Enhanced photoelectrochemical performance of NiS-modified TiO2 nanorods with a surface charge accumulation facet

Abstract

Photoelectrochemical (PEC) water splitting for hydrogen production technology is considered as one of the most promising solutions to energy shortage and environmental remediation. TiO₂/NiS nanorod arrays were successfully prepared using hydrothermal deposition followed by the successive ionic layer adsorption and reaction (SILAR) method. X-ray diffraction (XRD), X-ray photoelectron spectroscopy (XPS), scanning electron microscopy (SEM) and photoluminescence (PL) spectra characterization studies indicate the successful deposition of NiS on TiO₂ NRs. The NiS deposition on TiO₂ was optimized by controlling the impregnation cycle. The optimal sample exhibits a photocurrent density of 1.16 mA cm⁻² at 0.6 V vs. Ag/AgCl, which is a 1.9-fold enhancement over that of pristine TiO₂ nanorod arrays.
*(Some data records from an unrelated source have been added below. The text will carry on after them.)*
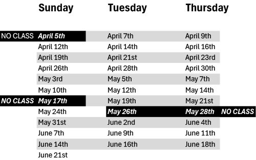 This semester offers a 10-Week Program on Sunday mornings, Tuesday and Thursday evenings for participants aged 10 to 19.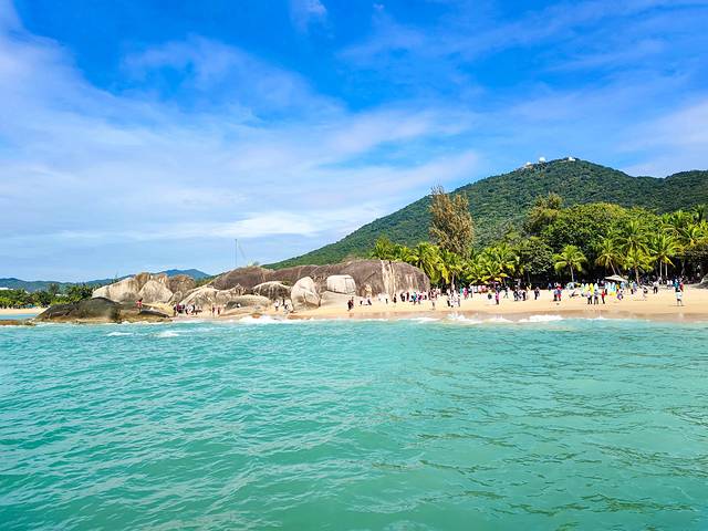 石头景观是天涯海角的一大看点,景区里的各类海上娱乐项目也同样精彩,有动感飞艇、海上观光游艇、直升机观海、香蕉船、帆船等可供选择。我们购买的套票里包含了海上观光游艇,在海上飞驰的感觉还挺刺激呢~船会经过日月石、海判南天、天涯石、海角石等,每到一个点儿师傅会给大家讲解,而且还会停船给大家留出一部分时间来拍照,这一点很赞哦。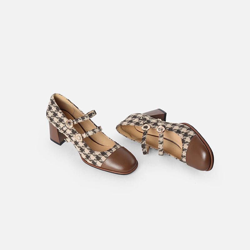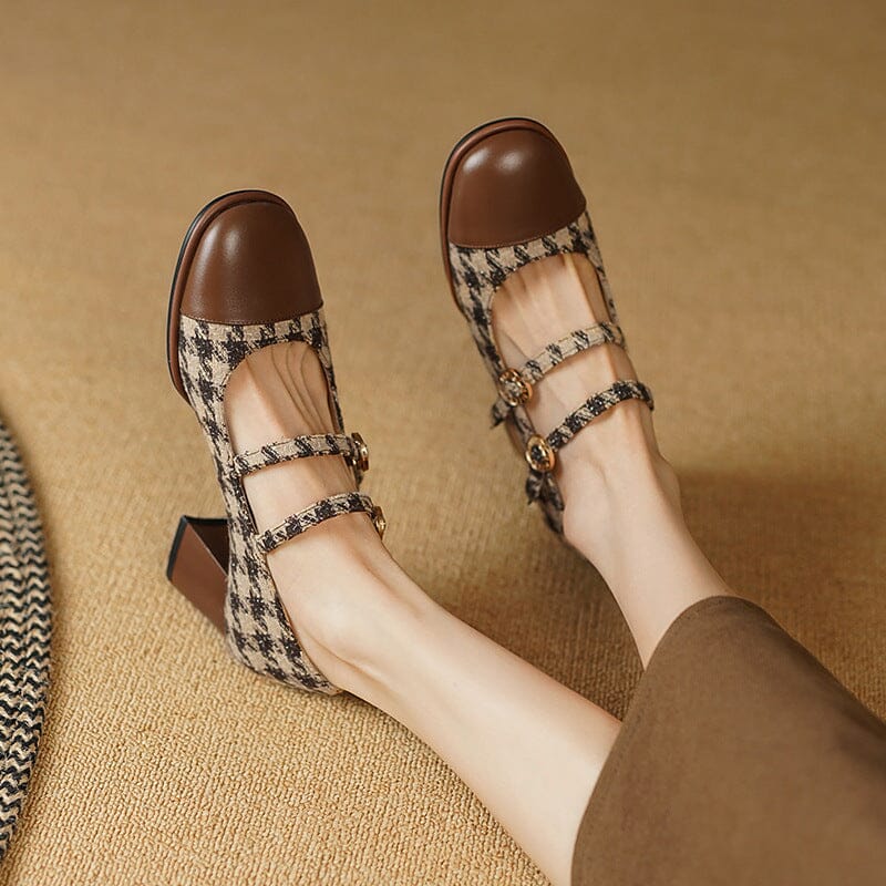 Leather Mary Jane Pumps Double Strap Block Heel Office Shoes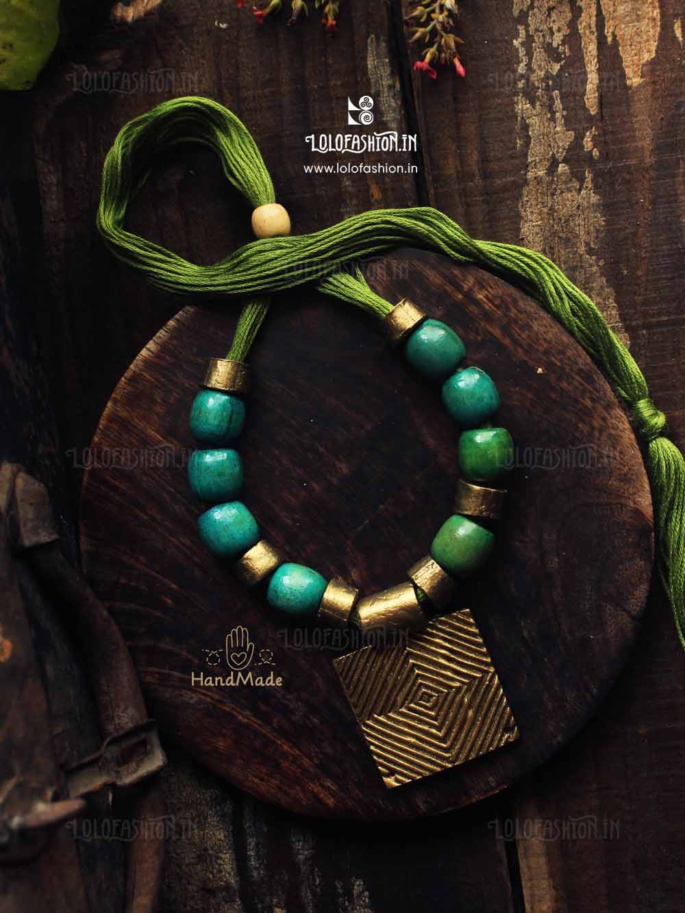 materials: synthetic clay, anchor thread tassel, wooden beads # product colour: antique gold # tassel colour: sap green # product weight: approximate 55 grams.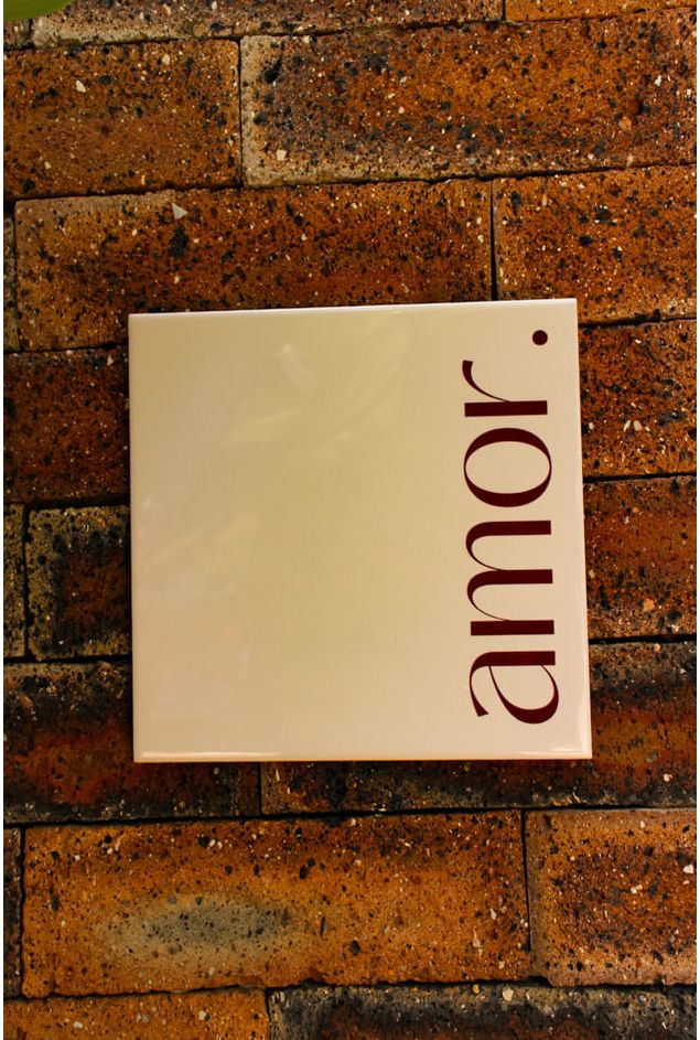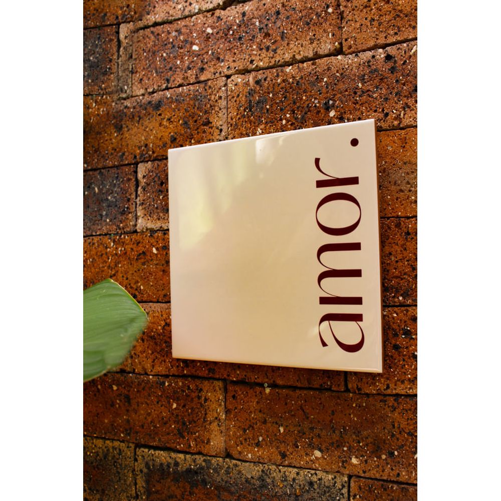 Azulejo decorativo com a palavra (Amor), em tom vinho, uma peça romântica e elegante transmitindo uma declaração visual que fala por si só. A palavra em composição vertical e tipografia sofisticada ganha destaque sobre o fundo neutro, tornando a peça uma escolha perfeita para quem valoriza afeto e estética em cada detalhe da decoração do lar.

The enhanced photoelectrochemical performance can be attributed to two aspects. On the one hand, the (101) crystal plane of rutile TiO₂ is the facet where photogenerated holes accumulate and is an efficient active plane for the oxygen evolution reaction; on the other hand, NiS is a narrow band gap semiconductor, and its deposition on TiO₂ nanorods can further promote the separation and transport of photogenerated charge carriers.